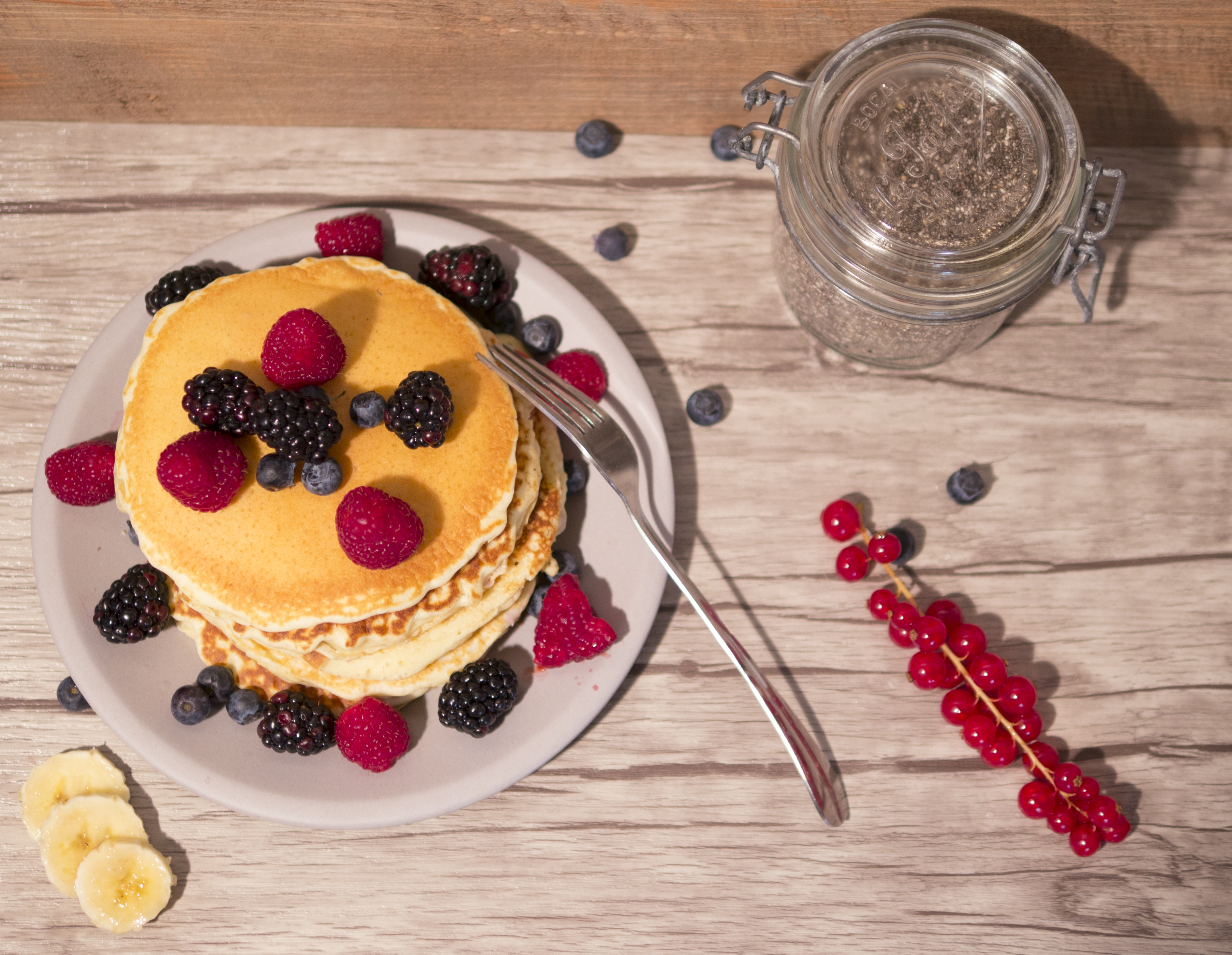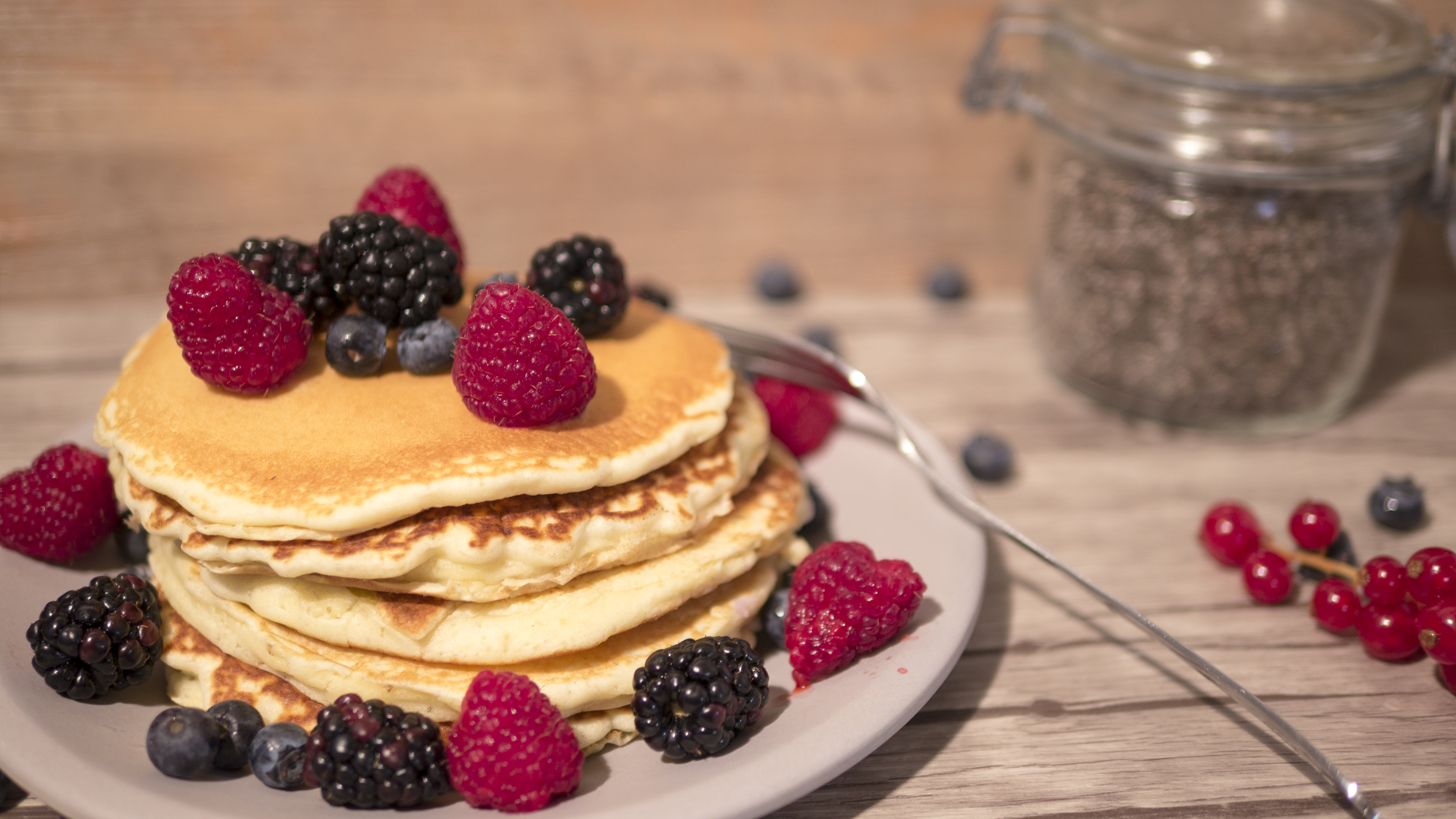 Vous pouvez agrémenter vos pancakes de chocolat, chantilly, banane, myrtille, framboise, fraises…
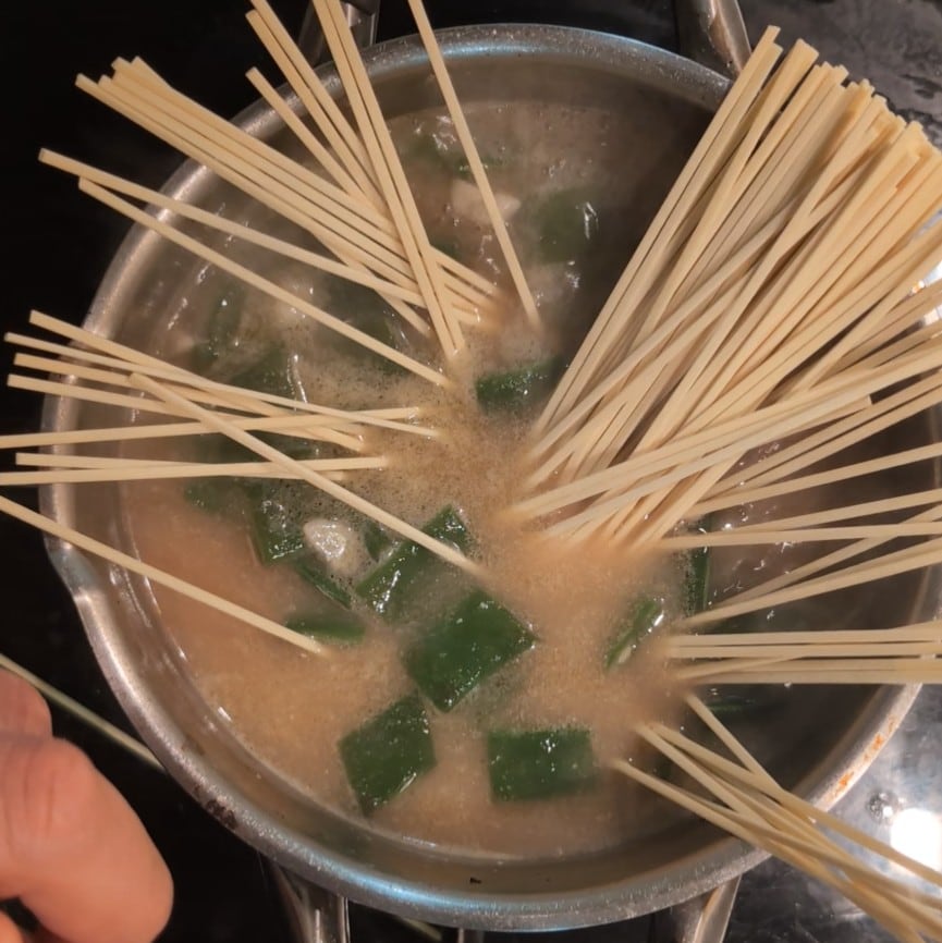 Dès que le miso était dissous et incorporé aux légumes, j’ai ajouté de l’eau jusqu’à couvrir complètement tous les ingrédients. J’ai ensuite porté à ébullition et cuit pendant 5 minutes à feu vif, préservant le croquant des pois mangetout.
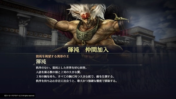 また、ストーリーモードクリア後に難易度「渾沌」で条件を満たすことで、武将''[[渾沌]]''を仲間にすることも可能。
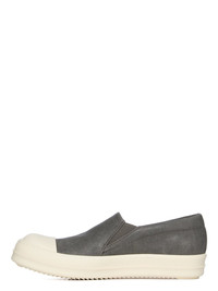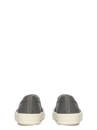 DRKSHDW SS25 HOLLYWOOD BOAT SNEAKS IN DARK DUST/MILK/MILK OVERDYED FOIL STRETCH DENIM THESE BOAT SNEAKS ARE UNDER-ANKLE HEIGHT AND ARE SLIP ON. THEY HAVE AN ELASTICIZED SIDE, A TOE CAP AND A SHARK-TOOTH SOLE THIS LIGHTWEIGHT FOIL DENIM IS MADE ON A 10OZ STRETCH DENIM. THE READY GARMENT IS OVERDYED AND HAS A CLEAR, SEMI SHINY FOIL OVERLAY THAT CREATES A WAXY TOUCH SINCE THE FOIL IS PRESSED ON TOP OF THE FINAL GARMENTS, EACH PIECE WILL HAVE ITS OWN UNIQUE LOOK AND CREASES SINCE THE FOIL WILL ATTACH TO DIFFERENT PLACES DEPENDING ON THE GARMENT THIS GARMENT IS TREATED IN AN ITALIAN WASH HOUSE BASED IN THE VENETO AREA OF ITALY, THAT PRODUCES IN SMALLER TREATMENT BATHS TO REDUCE WATER WASTE AND UTILIZE A WATER PURIFYING PROCESS THAT ENABLES THEM TO RECYCLE A PORTION OF THE WATER USED. ALL OF OUR DENIM WASHES ARE ZDHC CERTIFIED. COLOR: DARK DUST/MILK/MILK MATERIAL: UPPER 90% COTTON + 7% POLYESTER + 3% RUBBER TOE 70% POLYURETHANE + 30% VISCOSE LINING 100% COTTON SOLE 100% THERMOPLASTIC RUBBER SOLE HEIGHT 3.5CM
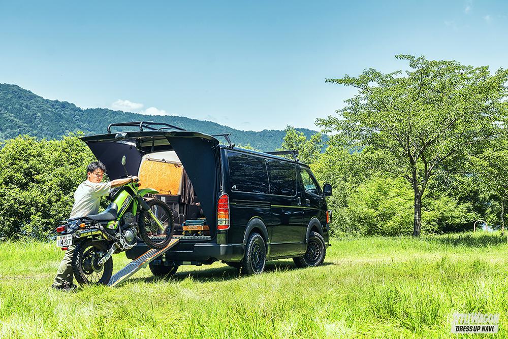 広々とした荷室を持つハイエースは、アウトドアアクティビティに持ってこい! せっかくアウトドアを楽しむなら、ルックスだってアウトドア風味を高めたくなるのは自然の流れ。 というわけで、外遊びギアやオフロード系カスタムを取り入れたデモカーをはじめ、 アウトドアスタイルにぴったりのパーツ、さらには実際に楽しんでいるユーザーたちまで、 最新事情をピックアップしてみたぞ!
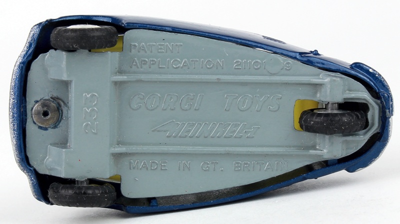 Corgi 233 Heinkel Economy Car. Scarce in metallic blue! Very near mint/boxed. Fresh box! From The Reference Collection.
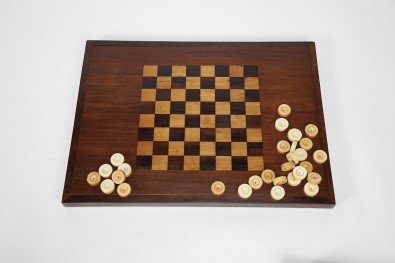 - embutidos em espinheiro e pau-santo, trinta pedras de gamão em marfim parcialmente tingido de vermelho
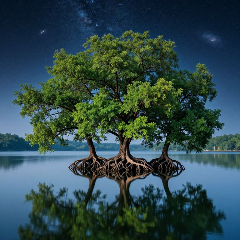 This is a highly detailed, digitally created photograph of a single, large tree with three visible trunks, rooted in calm, reflective water. The tree has lush, green leaves and visible, intricate roots extending below the water's surface. The background features a gradient sky transitioning from deep blue at the top to lighter blue near the horizon, with a faint, starry night sky visible in the upper right corner. The water is mirror-like, reflecting the tree and the sky. In the distance, there's a faint silhouette of a forested shoreline. The overall composition is symmetrical and serene, with a surreal, almost ethereal quality.
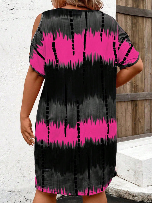Chic & Comfortable: Plus Size Color Block Open Shoulder Dress
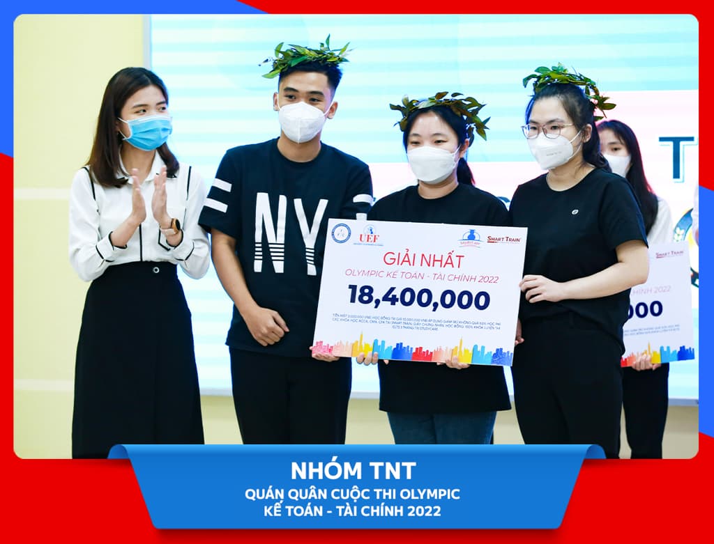 Trải qua 3 chặng thi gay cấn tại vòng Chung kết, đội TNT đã xuất sắc dẫn đầu và giành ngôi vị Quán quân cuộc thi “Olympic Kế toán - Tài chính 2022”. Tại vòng thi quyết định, các bạn đã chứng tỏ được kiến thức chuyên môn, kỹ năng nghề nghiệp cùng sự tự tin, nhạy bén và tinh thần đồng đội. Điều đó đã được ghi nhận và nhận nhiều lời khen từ Ban giám khảo là các doanh nhân, chuyên gia trong lĩnh vực.
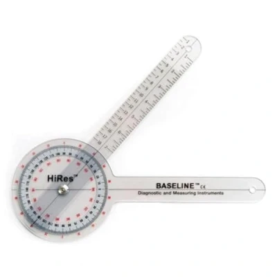 Angle-measuring device made from high-quality, transparent plastic Optimum legibility and resolution thanks to the white background behind the degrees, numbers and text Enables monitoring of the axis of movement and the trajectory of movement of the joint The 360° head has three scales, scale with 1° divisions Calibrated for use with the ISOM system (International Standards of Measurement)
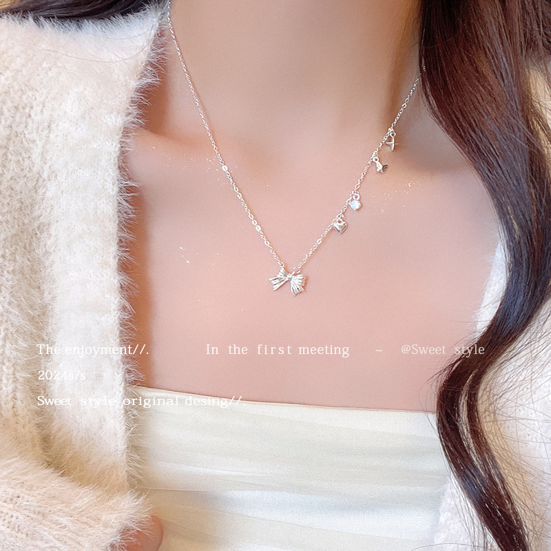 在逃公主银色蝴蝶结项链女小众高级感甜美气质桃心锁骨链颈链批发
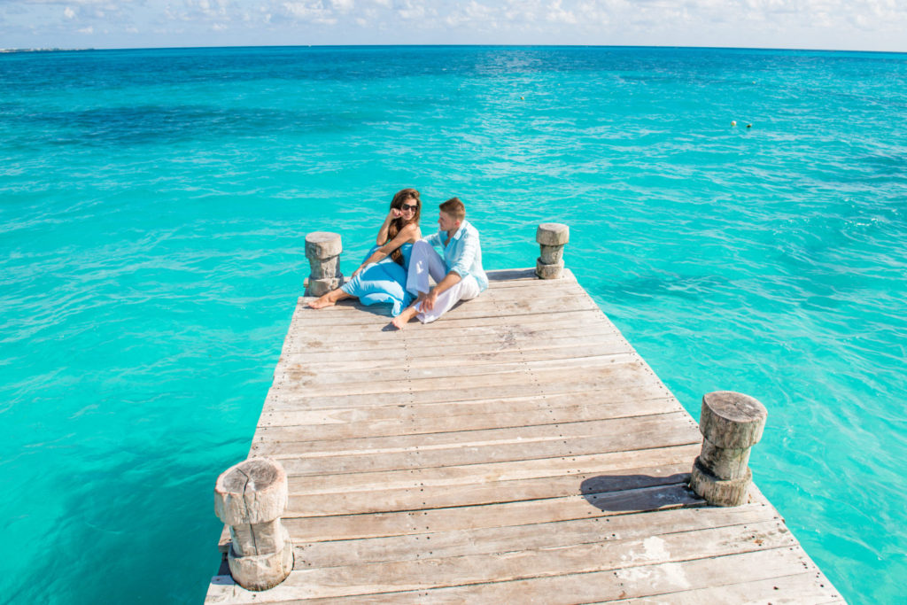 Couple having good time at the sea. They are sitting at the wooden pier, hugging and smiling. Turquoise water is around them. Drone view picture.
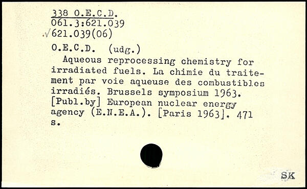 Aqueous reprocessing chemistry for irradiated fuels. La chimie du traitement par voie aqueuse des combustibles irradiés. Brussels symposium 1963.
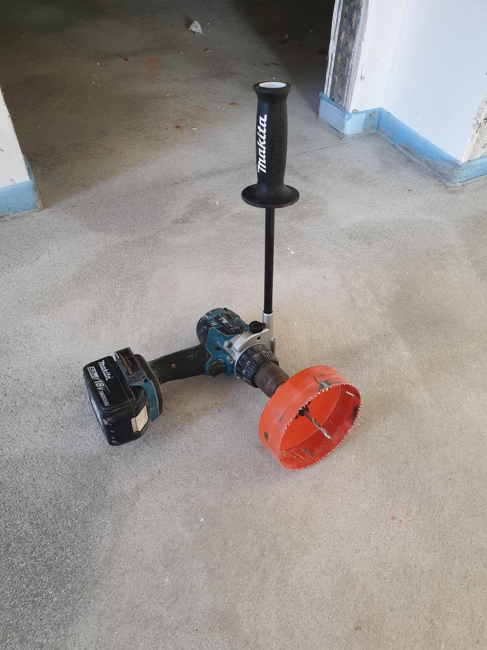 Bei uns wars bei den 125er Rohren dann doch nicht notwendig. Da hat die Hausfirma kleine Teile der Beplankung abnehmbar gemacht, die ich dann mit der Stichsäge ausgeschnitten hab. Nachdem ich die Balken dahinter mit der Kettensäge entfernt hab... Wieso ist bei dir so knapp unter der Decke eigentlich kein Balken @Pedaaa ? Für die Dachdurchführung in der Garage hab ich eine 168er Lochsäge aus dem großen Fluss geangelt. Geht durch OSB auch ohne seitlichen Griff. Meinem Akkuschrauber hab ich das aber nicht angetan, sondern die richtige Bohrmaschine rausgeholt 😅 |
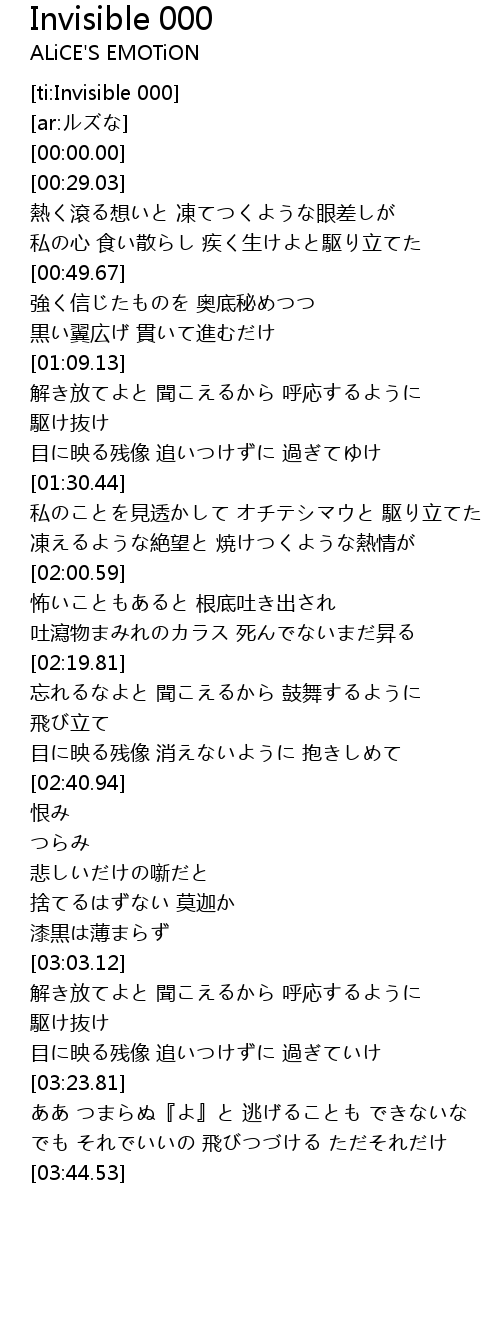 | [03:03.27] | 解き放てよと 聞こえるから 呼応するように 駆け抜け |
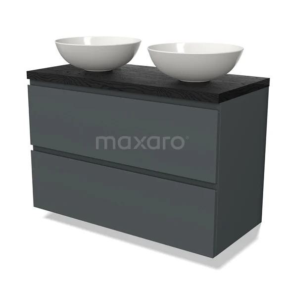 Modulo Plato Badmöbel mit Aufsatzwaschbecken | 100 cm Dunkelgrau Grifflos front Schwarze Eiche blatt 2 übereinanderliegende Schubladen

* * * * *

### What to produce
Starting at the first line of the data, set down each line exactly until you have copied the line with "また、ストーリーモードクリア", but leave the pictures out.

### Task output
 Vous pouvez agrémenter vos pancakes de chocolat, chantilly, banane, myrtille, framboise, fraises…
 Dès que le miso était dissous et incorporé aux légumes, j’ai ajouté de l’eau jusqu’à couvrir complètement tous les ingrédients. J’ai ensuite porté à ébullition et cuit pendant 5 minutes à feu vif, préservant le croquant des pois mangetout.
 また、ストーリーモードクリア後に難易度「渾沌」で条件を満たすことで、武将''[[渾沌]]''を仲間にすることも可能。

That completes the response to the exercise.